==== Records for the task ====

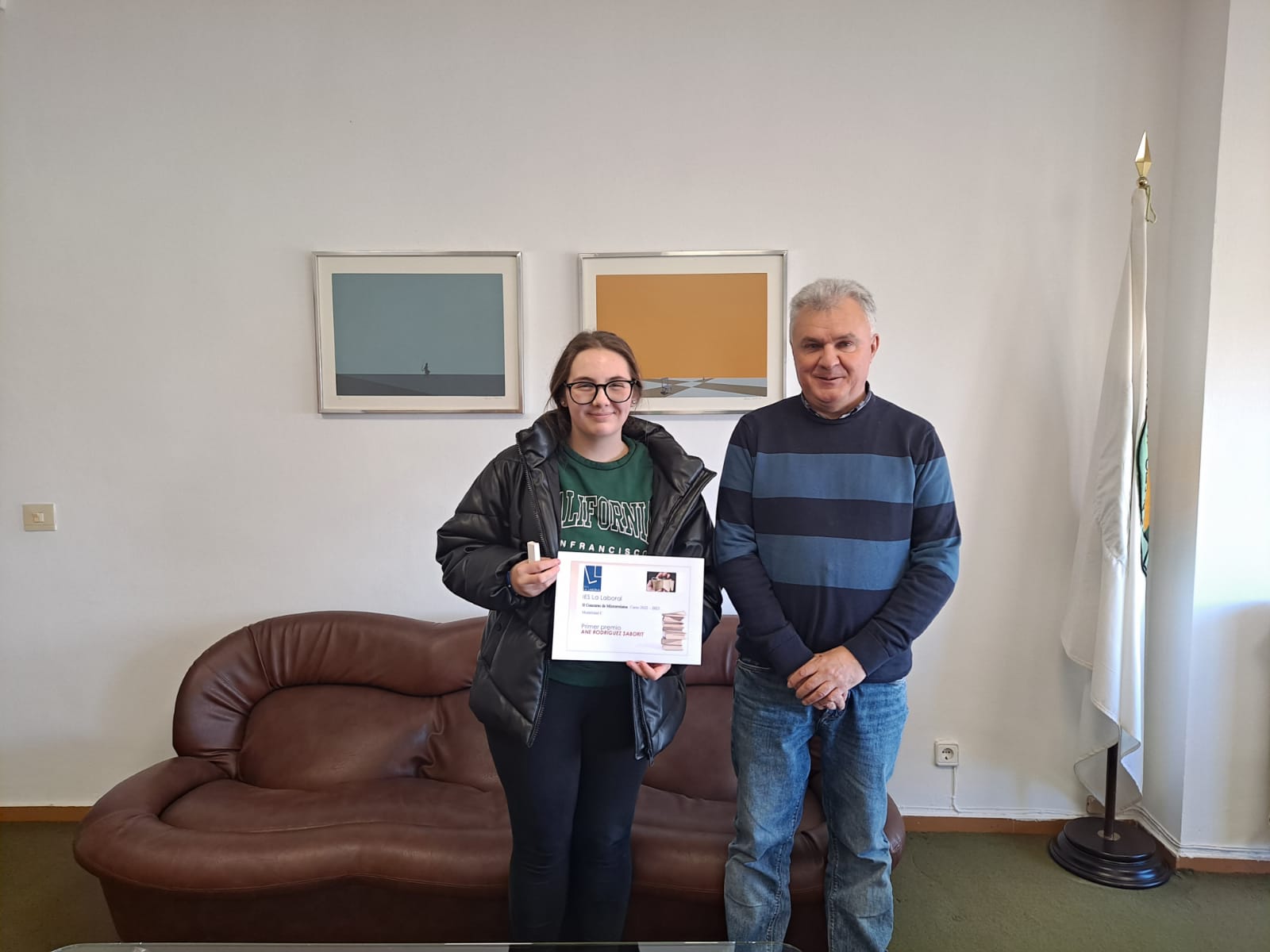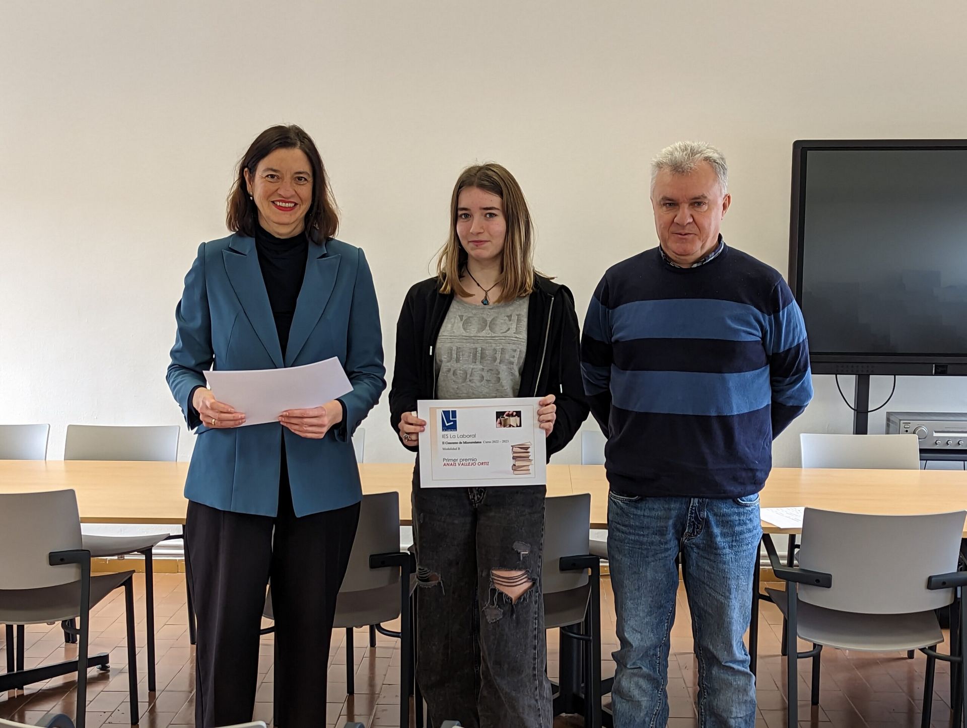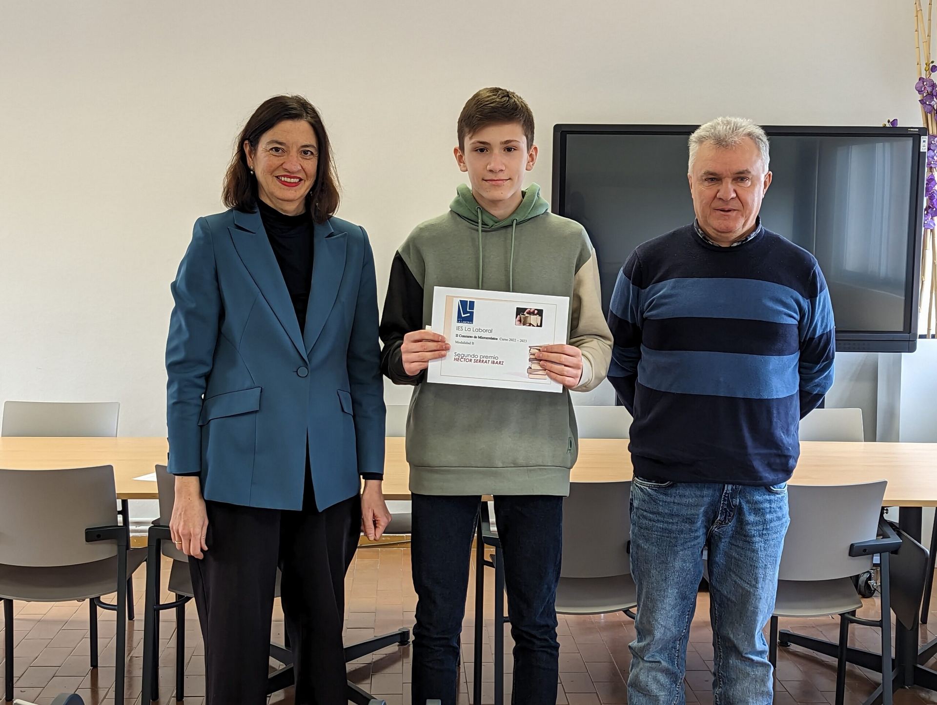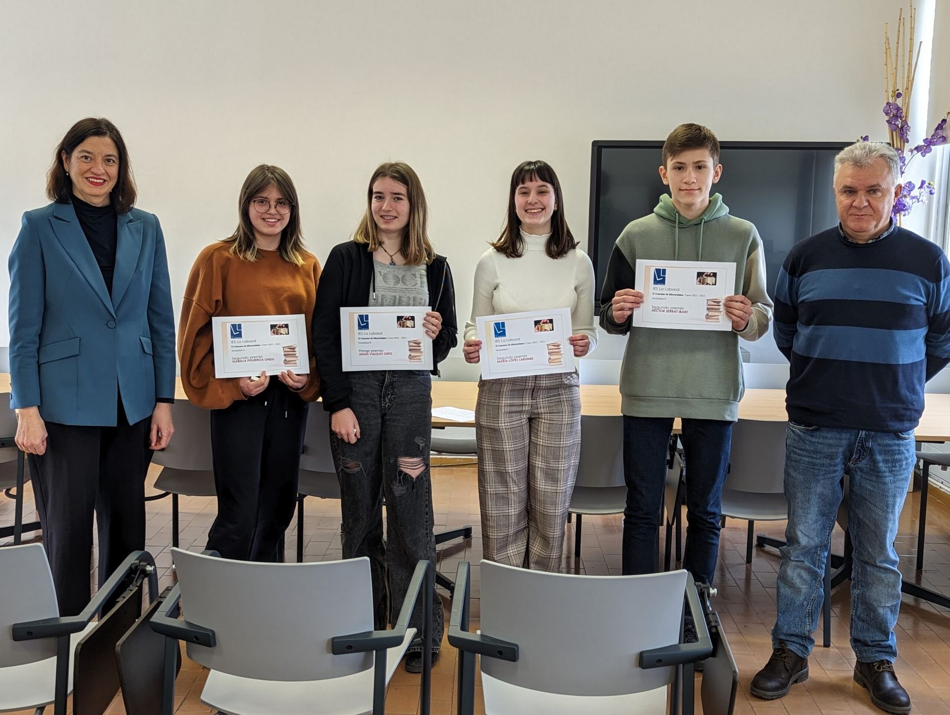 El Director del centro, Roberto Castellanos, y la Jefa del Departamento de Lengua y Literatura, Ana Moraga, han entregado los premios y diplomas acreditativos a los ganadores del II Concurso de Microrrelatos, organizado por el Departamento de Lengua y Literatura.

====
==== Records for the task ====

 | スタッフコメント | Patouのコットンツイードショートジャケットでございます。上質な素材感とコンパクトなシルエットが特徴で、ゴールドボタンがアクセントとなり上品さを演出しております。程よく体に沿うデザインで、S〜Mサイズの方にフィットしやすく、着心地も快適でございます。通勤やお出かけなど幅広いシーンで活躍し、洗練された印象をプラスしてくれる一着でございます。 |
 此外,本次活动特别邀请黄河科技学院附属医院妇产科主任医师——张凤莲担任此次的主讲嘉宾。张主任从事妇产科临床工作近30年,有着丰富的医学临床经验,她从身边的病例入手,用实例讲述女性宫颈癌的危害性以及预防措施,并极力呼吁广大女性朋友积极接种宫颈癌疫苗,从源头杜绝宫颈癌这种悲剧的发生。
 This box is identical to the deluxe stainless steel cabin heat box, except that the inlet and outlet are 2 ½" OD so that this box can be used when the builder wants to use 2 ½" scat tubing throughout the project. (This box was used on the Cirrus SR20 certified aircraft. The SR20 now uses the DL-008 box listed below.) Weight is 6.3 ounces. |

====

**Activity**. Of the entries above, transcribe exactly those lines that fall between the line containing "此外,本次活动特别邀请黄河科" and the line containing "This box is", together with those two lines.

**Response area**.
 此外,本次活动特别邀请黄河科技学院附属医院妇产科主任医师——张凤莲担任此次的主讲嘉宾。张主任从事妇产科临床工作近30年,有着丰富的医学临床经验,她从身边的病例入手,用实例讲述女性宫颈癌的危害性以及预防措施,并极力呼吁广大女性朋友积极接种宫颈癌疫苗,从源头杜绝宫颈癌这种悲剧的发生。
 This box is identical to the deluxe stainless steel cabin heat box, except that the inlet and outlet are 2 ½" OD so that this box can be used when the builder wants to use 2 ½" scat tubing throughout the project. (This box was used on the Cirrus SR20 certified aircraft. The SR20 now uses the DL-008 box listed below.) Weight is 6.3 ounces. |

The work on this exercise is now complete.